[Start of Attachment]
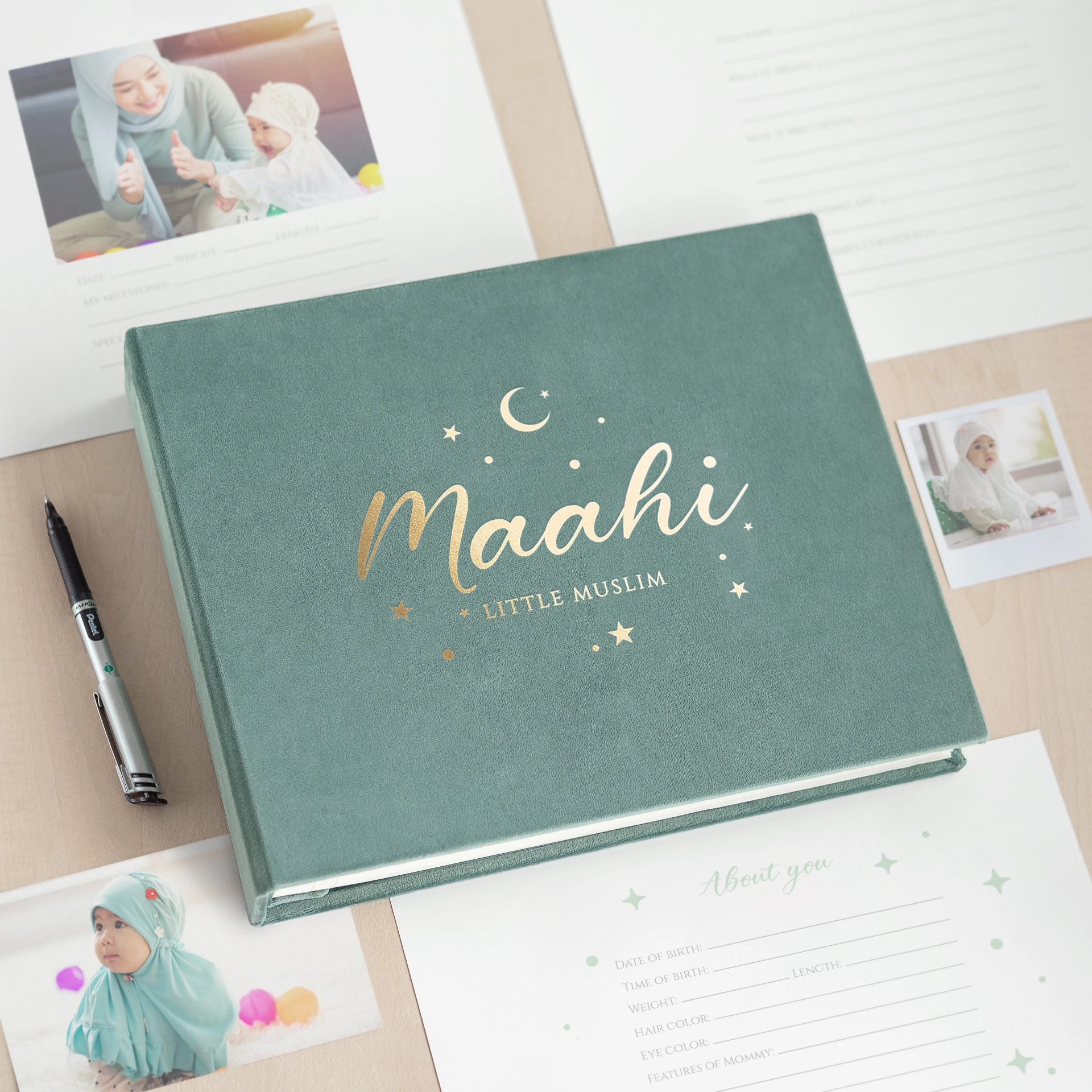 This unique baby book is the best option for moms with plenty of space for images alongside each handwritten detail, following your pregnancy through to your baby's first year or 5 years. The carefully handcrafted album will be perfect for your memories to hold and cherish. It is the best gift for a baby shower or keepsake!
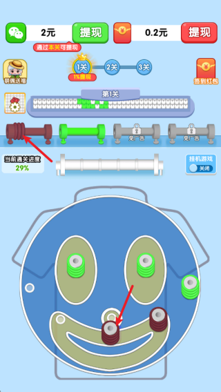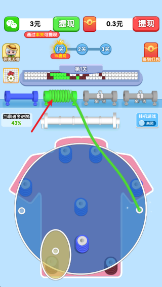 1、游戏中关卡上方有【提现】按钮,达到对应金额可提现。关卡有进度显示,如【当前通关进度43%】,可操控类似圆盘内的部件。
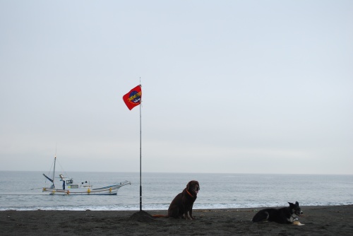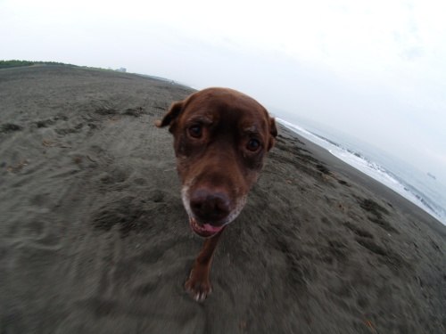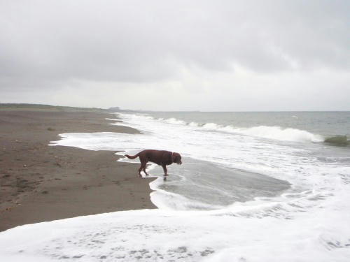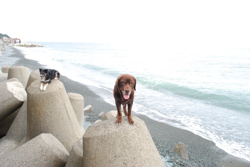 ひさしぶりに泳いだ。別に止められていたわけじゃないんだけど、波が高かったり、別の遊びをしてたりで、縁が無かったんだね。今日は波はたかかったんだけど、波の無いところについ飛び込んじゃったんだよ。それでー、ホントはサッカーボールを泳いで取ってくる遊びをついでにしちゃいたかったんだけど、よい噛み具合のやつの持ち合わせが無くて角材を持ってくることに成っちゃったんだよね。
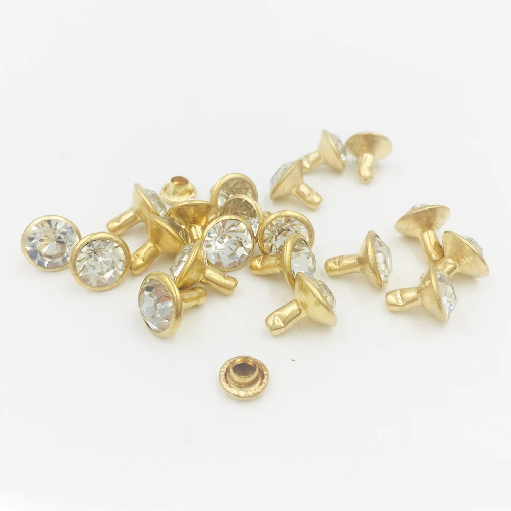 100 комплектов 6 мм и 8 мм прозрачные хрустальные заклепки из горного хрусталя золотые металлические базовые шпильки для одежды сумка для кожевенного ремесла заклепки
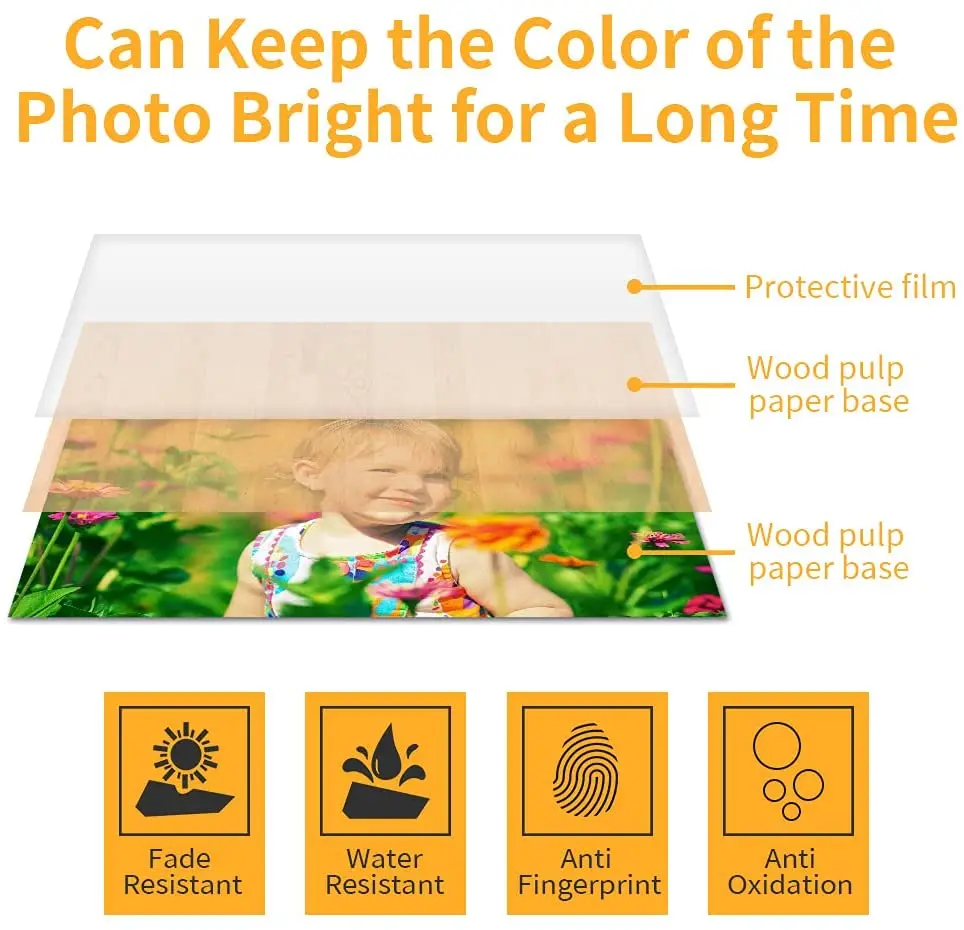 Продукт маленький и легко носить с собой, красивый внешний вид, с использованием уникальной технологии сублимации краски, может печатать высокий блеск и четкие и блестящие фотографии, Фотопечать автоматически генерирует покрытие защитной пленки, с мгновенной сушкой, отсутствие пятен, водонепроницаемость, защита от отпечатков пальцев, окисление и другие характеристики Способствуют долгосрочному хранению, Что удобно для вас, чтобы записать прекрасные моменты жизни.
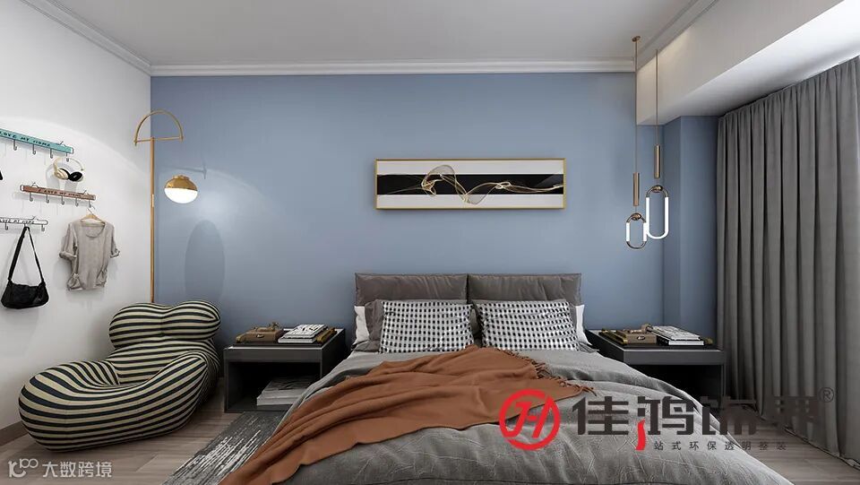 ▲主卧用了色彩的深浅搭配来做层次处理,飘台拆掉后空间更显开阔。金属铜吊灯点缀给就寝空间增加一丝暖意,通过光与材质肌理的关系表达空间的和谐与纯粹。
[End of Attachment]
= Exercise description =
Word for word, restate every line of the listing, omitting the pictures.

= Response =
 This unique baby book is the best option for moms with plenty of space for images alongside each handwritten detail, following your pregnancy through to your baby's first year or 5 years. The carefully handcrafted album will be perfect for your memories to hold and cherish. It is the best gift for a baby shower or keepsake!
 1、游戏中关卡上方有【提现】按钮,达到对应金额可提现。关卡有进度显示,如【当前通关进度43%】,可操控类似圆盘内的部件。
 ひさしぶりに泳いだ。別に止められていたわけじゃないんだけど、波が高かったり、別の遊びをしてたりで、縁が無かったんだね。今日は波はたかかったんだけど、波の無いところについ飛び込んじゃったんだよ。それでー、ホントはサッカーボールを泳いで取ってくる遊びをついでにしちゃいたかったんだけど、よい噛み具合のやつの持ち合わせが無くて角材を持ってくることに成っちゃったんだよね。
 100 комплектов 6 мм и 8 мм прозрачные хрустальные заклепки из горного хрусталя золотые металлические базовые шпильки для одежды сумка для кожевенного ремесла заклепки
 Продукт маленький и легко носить с собой, красивый внешний вид, с использованием уникальной технологии сублимации краски, может печатать высокий блеск и четкие и блестящие фотографии, Фотопечать автоматически генерирует покрытие защитной пленки, с мгновенной сушкой, отсутствие пятен, водонепроницаемость, защита от отпечатков пальцев, окисление и другие характеристики Способствуют долгосрочному хранению, Что удобно для вас, чтобы записать прекрасные моменты жизни.
 ▲主卧用了色彩的深浅搭配来做层次处理,飘台拆掉后空间更显开阔。金属铜吊灯点缀给就寝空间增加一丝暖意,通过光与材质肌理的关系表达空间的和谐与纯粹。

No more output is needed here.